I'm working in vim and is trying to define a ex command to process the
current file based on the filename.
say I'm editing a file named RLI-12720.txt in vim
after some change I want to :
1) save it
2) convert it into html, so I'll get a new file: RLI-12720.html
3) upload (cp) that .html file into web server and test it within browser
so this is the one liner:
:w|!asciidoc -a toc -a toclevels=6 % > /dev/null 2>&1;cp RLI-12720.html
/mnt/public_html/temp/
this works fine, but I want to generalize and save it to make it useful
for all other files, regardless of the filename.

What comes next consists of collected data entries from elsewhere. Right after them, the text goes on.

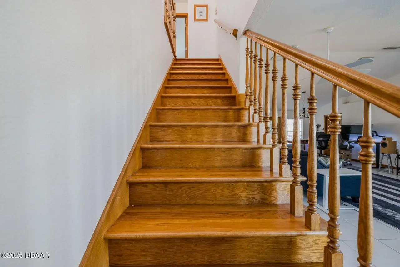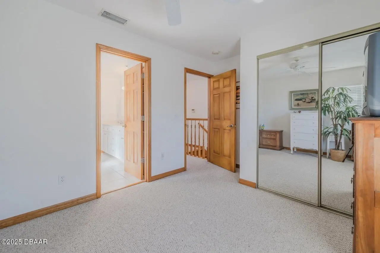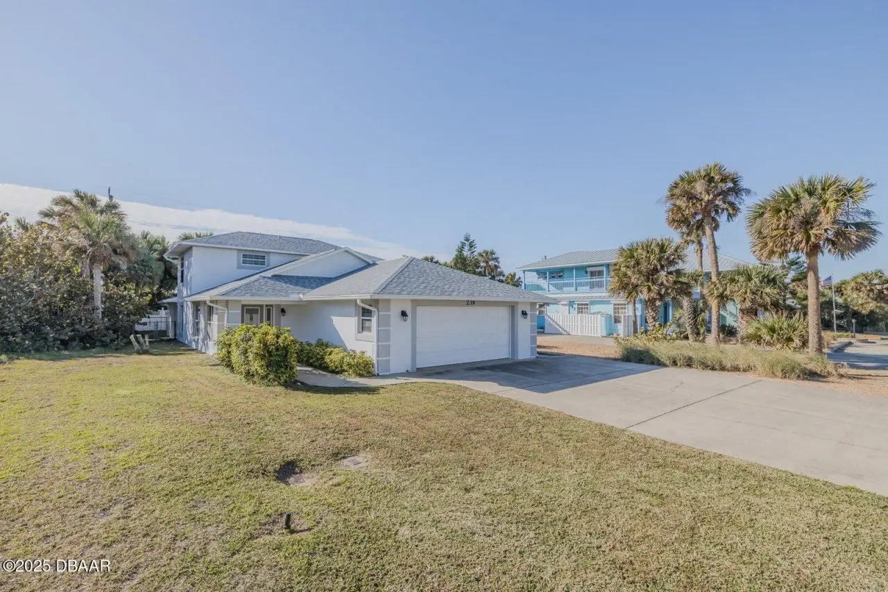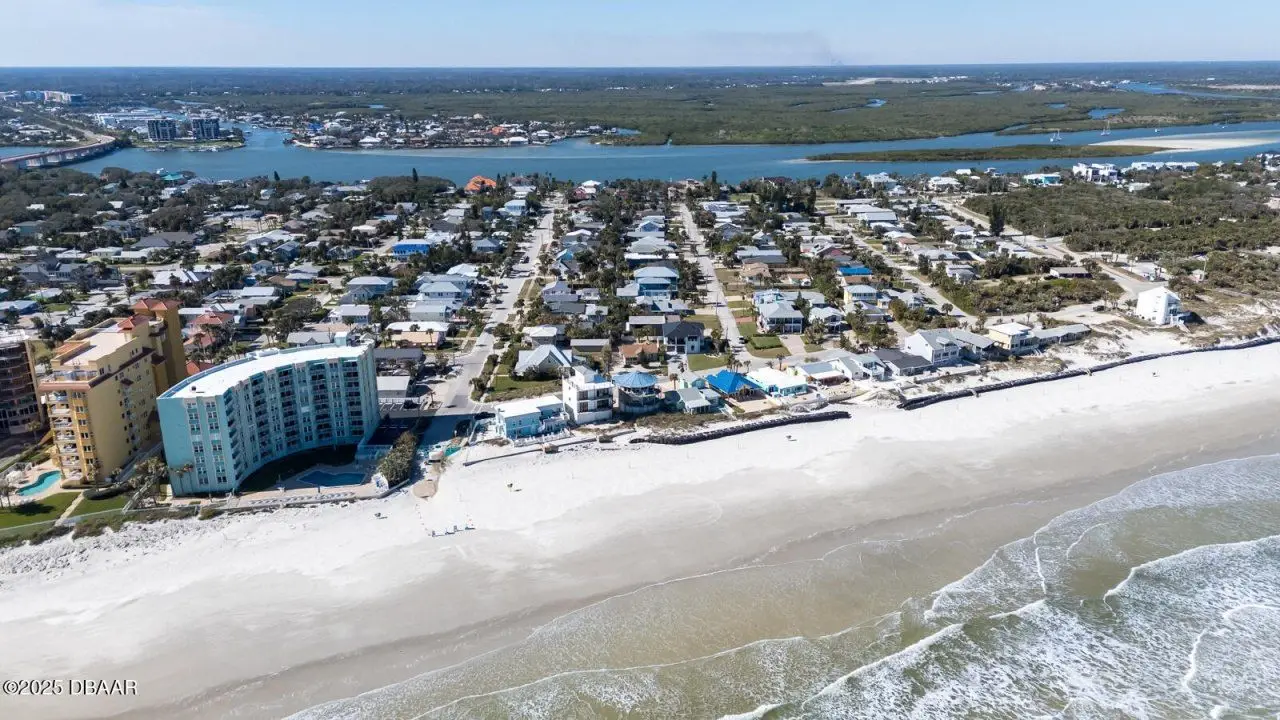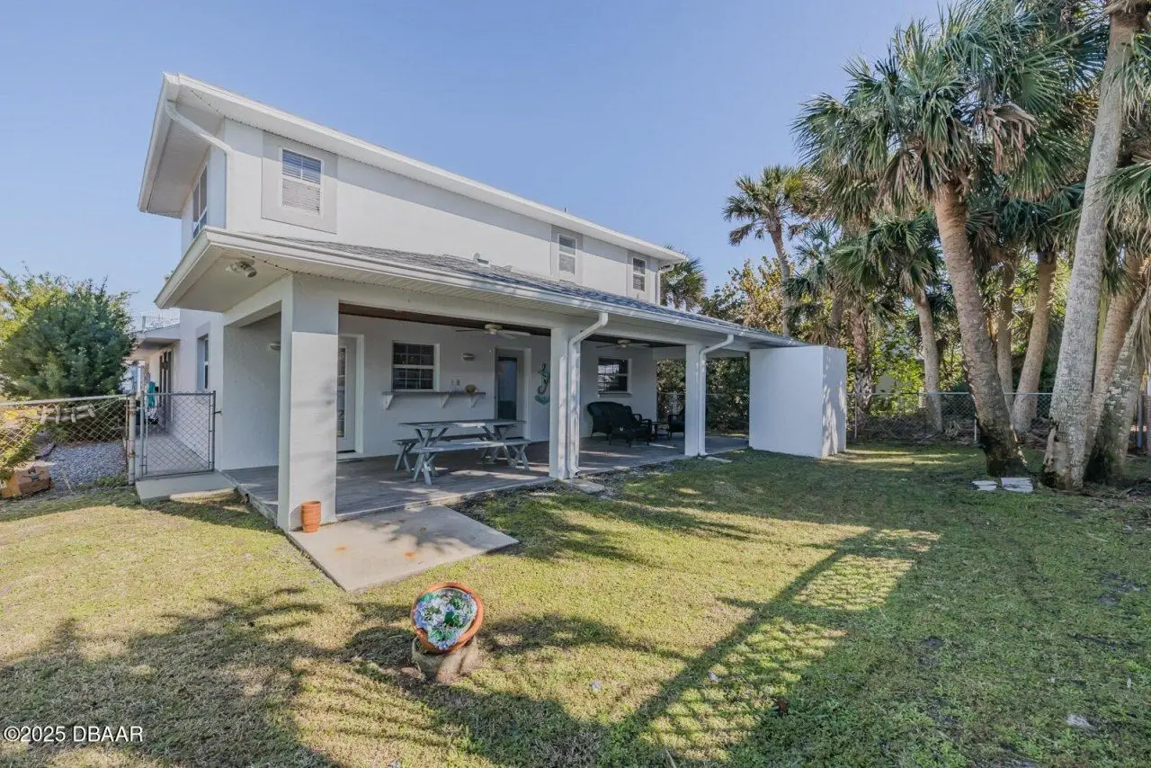 Location, location, location! Discover coastal living at its finest in this immaculate 3BR/2.5BA, 2 CAR GAR home, perfectly located just 5 houses from the beach & only 8 blocks to vibrant Flagler Avenue shops & restaurants. Drive your golf cart, ride your bike or walk to the beach access only 1 block away! Beautifully maintained modern home has an open floorplan with high vaulted ceilings & an inviting atmosphere for entertaining or relaxing. Built in 1998, one of the spacious bedrooms is downstairs & is large enough to be a master BR. It features wood floors & a gorgeous bath with tiled shower & two vanities. This bedroom has a door to the expansive rear lanai which has a cozy wood ceiling & beautiful tiled floors! Private outdoor shower & fenced back yard add to the desirability of this fabulous home. Upstairs you'll find the master bedroom, a luxurious tiled bath and another spacious bedroom. Upgrades include newer roof & water heater in 2021, newer A/C units & both drywood & subterranean termite bonds. Current tenant will consider staying through end of July. Whether you're seeking a permanent residence or a vacation retreat, this home combines elegance, comfort and an unbeatable location!
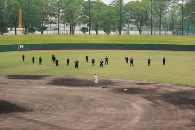 定期戦に向けて準備をしていた野球部,応援団の皆さん,
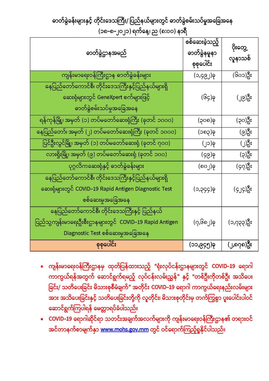 COVID-19 ရောဂါစောင့်ကြပ်ကြည့်ရှုမှုနှင့်ပတ်သက်၍သတင်းထုတ်ပြန်ခြင်း
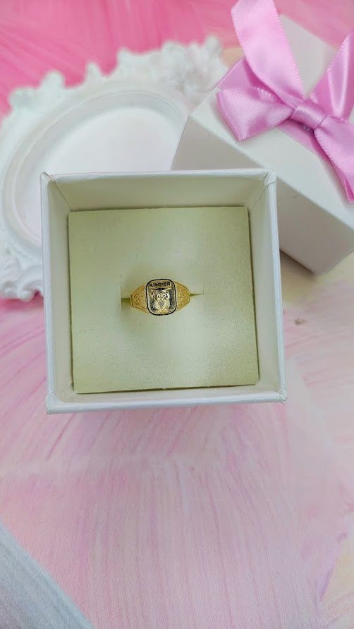 Elegante anillo infantil con diseño de búho elaborado en oro de 10K. Disponible en tallas #2 y #4, ideal para niños pequeños. Su delicado acabado y simbología del búho representando sabiduría hacen de esta joya una pieza especial para ocasiones memorables o como primer anillo de calidad para los más pequeños.
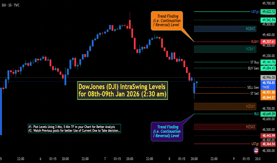 DowJones (DJI) IntraSwing Levels for 08th-09th Jan 2026 (2:30 amDowJones (DJI) IntraSwing Levels for 08th-09th Jan 2026 (2:30 am)
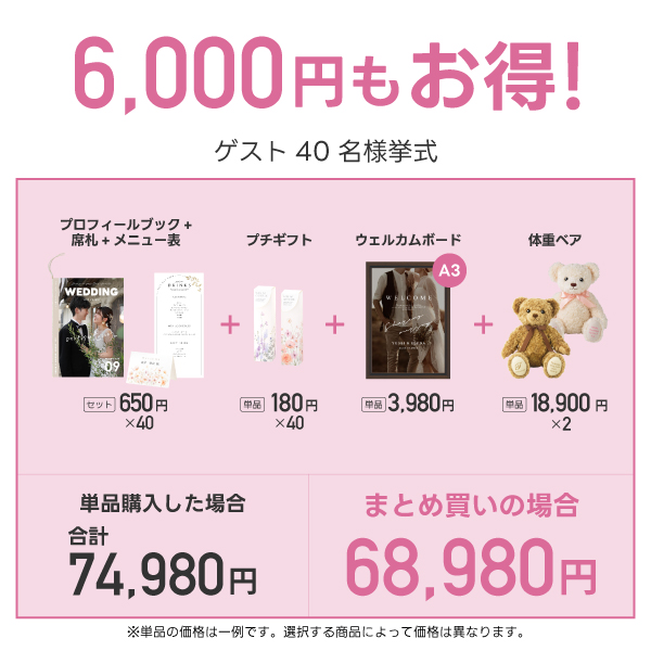 ゲスト40名分のプロフィールブック【席次表付き8ページ】・席札・メニュー表・プチギフト・ウェルカムボード・両親プレゼント【ウェイトベア】をまとめて購入で何と6,000円OFF!!
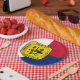 Paper plate with flag of city of Memphis, Tennessee; red, white and blue flag with yellow emblem with an illustration of ship
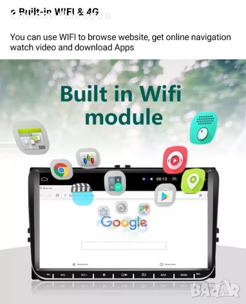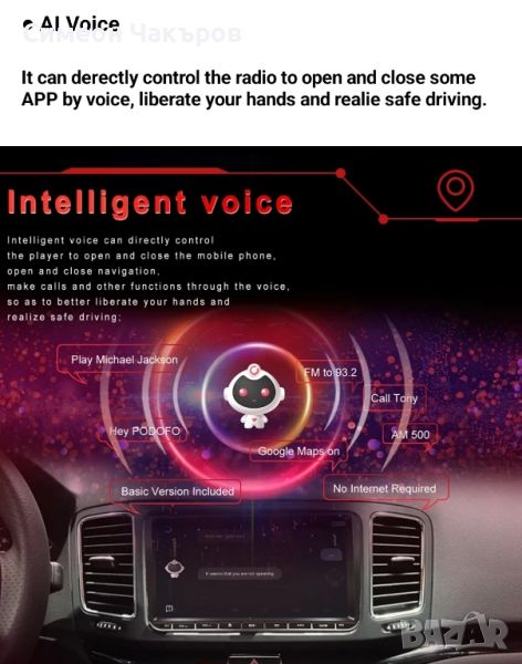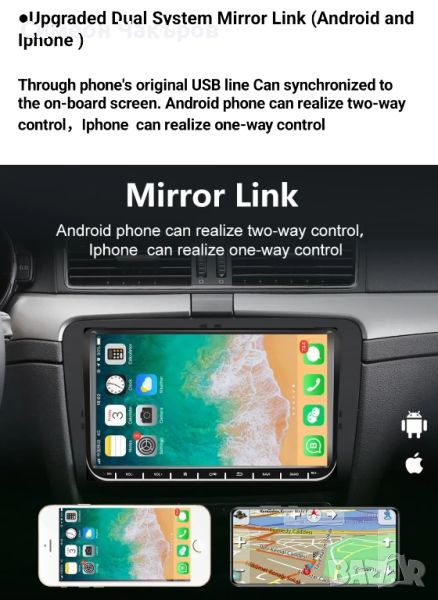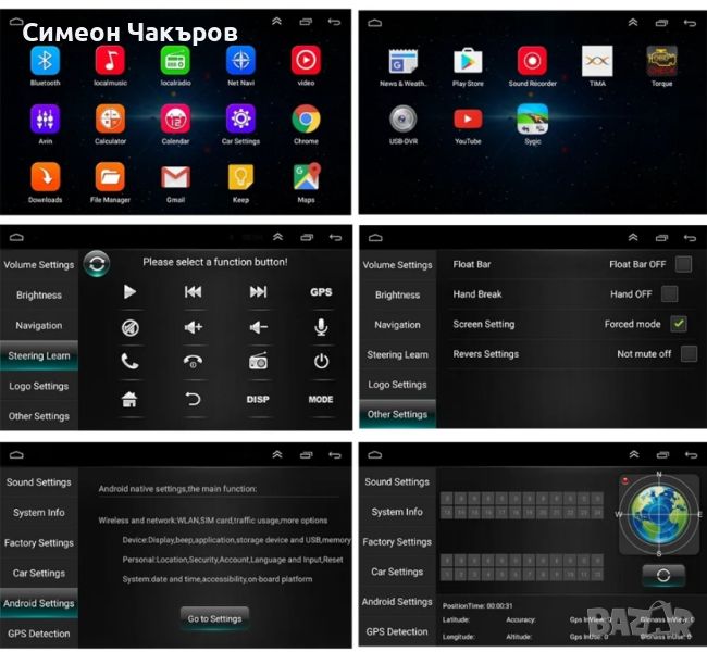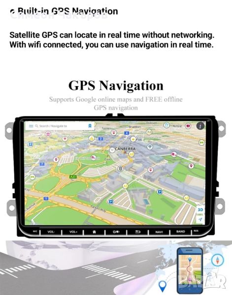 GPS навигация: Поддържа много видове навигационни приложения, като Google maps, Waze, Navfree,Sygic и др.
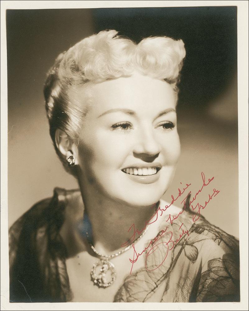 Lovely vintage sepia matte-finish 8 x 10 photo, signed and inscribed in red fountain pen “For Freddie, Sincere best wishes, Betty Grable.” In fine condition, with light creases to lower left corner, and some light silvering to darker areas of image and background.
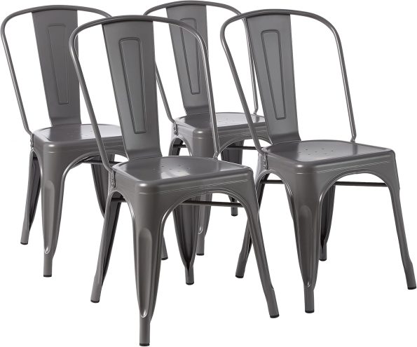 Metal Dining Chairs, Dark Grey, 1 Count (Pack of 4)
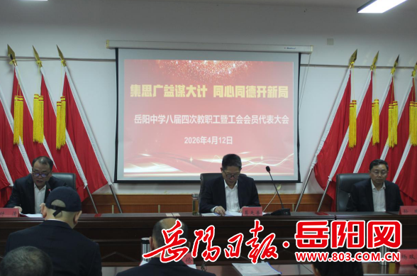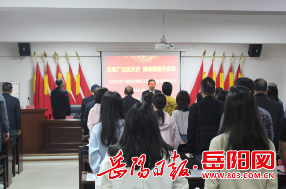 岳阳日报4月14日讯(通讯员 陈依婷 )春和景明,万象更新。4月12日,岳阳中学第八届第四次教职工暨工会会员代表大会在该校办公楼四楼大会议室隆重举行。全体正式代表及特邀代表共50余人齐聚一堂,共商学校发展大计。
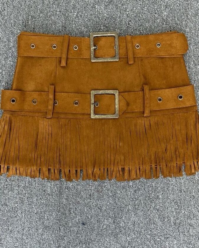 Mini φούστα από suede ύφασμα με κρόσσια και αγκράφες.
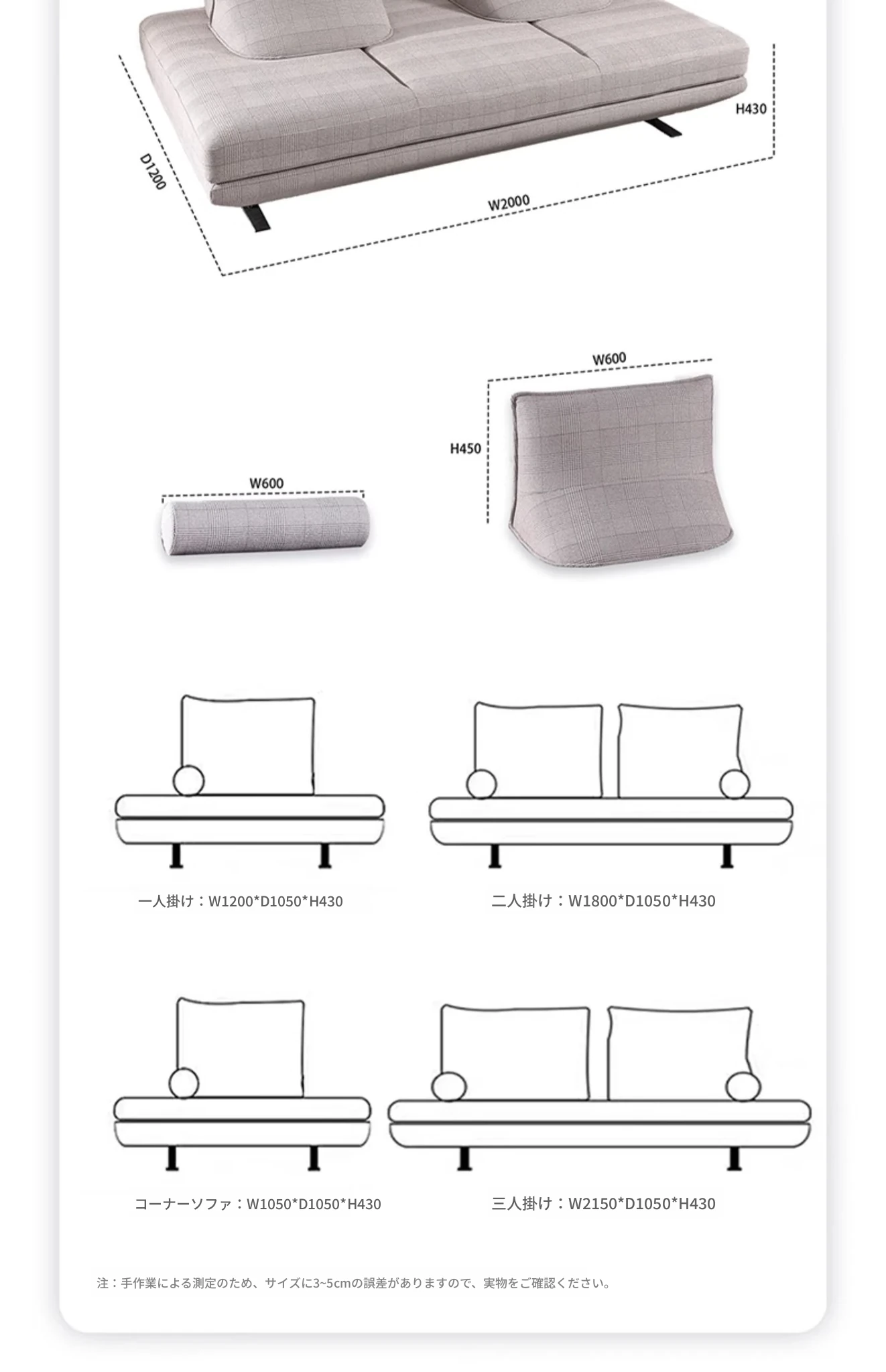 W215*D105*H43【スリー人】【MAYA特級ファブリック】
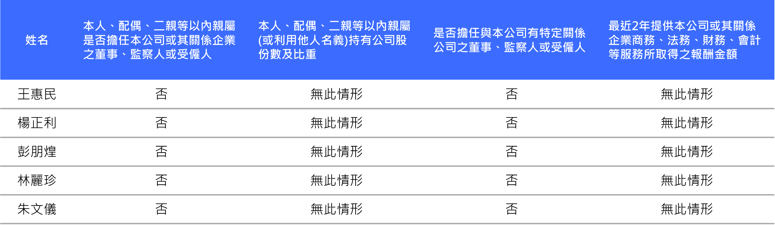 本公司董事會成員11位,包含6位董事及獨立董事5位,獨立董事占全體董事會超過1/3。本公司獨立董事均符合「公開發行公司獨立董事設置及應遵循事項辦法」之規範,且獨立董事皆已依證券交易法第十四條之三賦予充分參與決策及表示意見之權力,據以獨立執行相關職權。各董事及獨立董事間無證券交易法第26條之3規定第3項及第4項規定情事,全體董事均未有公司法第30條所列各款情事。
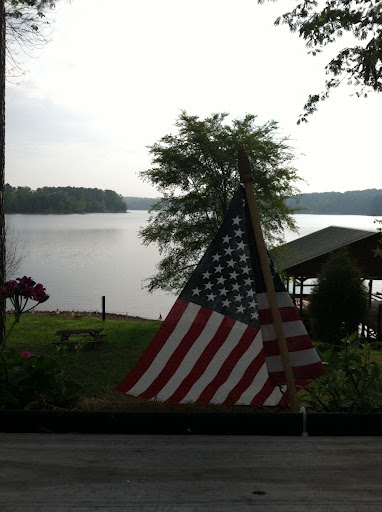 an early morning look at the lake with our cute flags all around
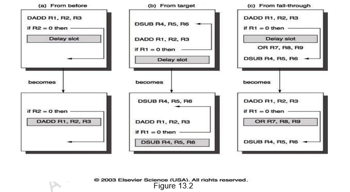 Figure 13.2 shows the three different ways of filling in instructions in the branch delay slots.
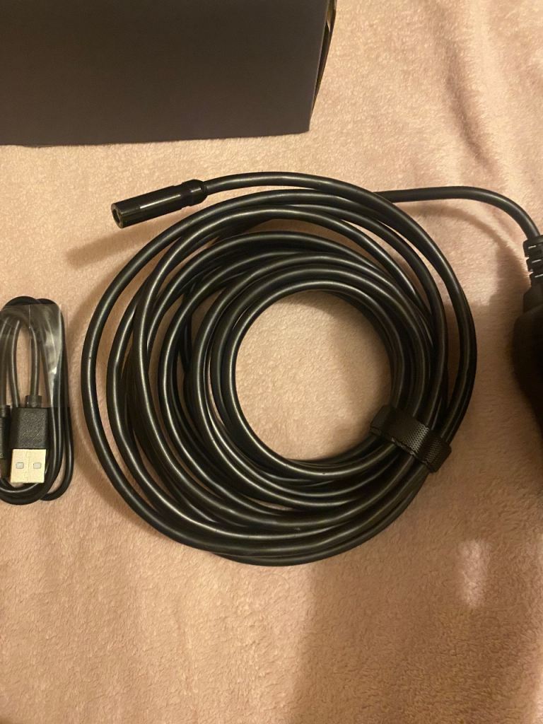 Inspection camera hard cable waterproof camera with LED lights, comes complete with USB charging cable, camera attachment hooks.

in case you don't use vim, % here means the current filename:
RLI-12720.txt in this case. so what I want to achieve is:
based on current filename "%", generate new filename that will be used
in subsequent command, in this case cp NEW-FILE-NAME ...
thanks
> Jeremiah Bess
> Penguin Geek, Network Ninja, Father of Five
>
> On Jul 11, 2012 4:55 PM, "ping" <
songpi...@gmail.com
> <mailto:
songpi...@gmail.com>> wrote:
>
> experts:
>
> I'm trying following Parameter Expansion but somehow it just does't
> work -- I do remember previously something like that works fine!
>
> ping@640g-laptop:/data/backup/__Juniper/MX/RLI$ ls RLI-12720*
> RLI-12720 RLI-12720.html RLI-12720-slides.html
> RLI-12720-slides.txt RLI-12720-slides.txt~ RLI-12720.txt
> RLI-12720.txt~ RLI-12720.xml
>
>
> ping@640g-laptop:/data/backup/__Juniper/MX/RLI$ ls "${RLI-12720.txt%.*}"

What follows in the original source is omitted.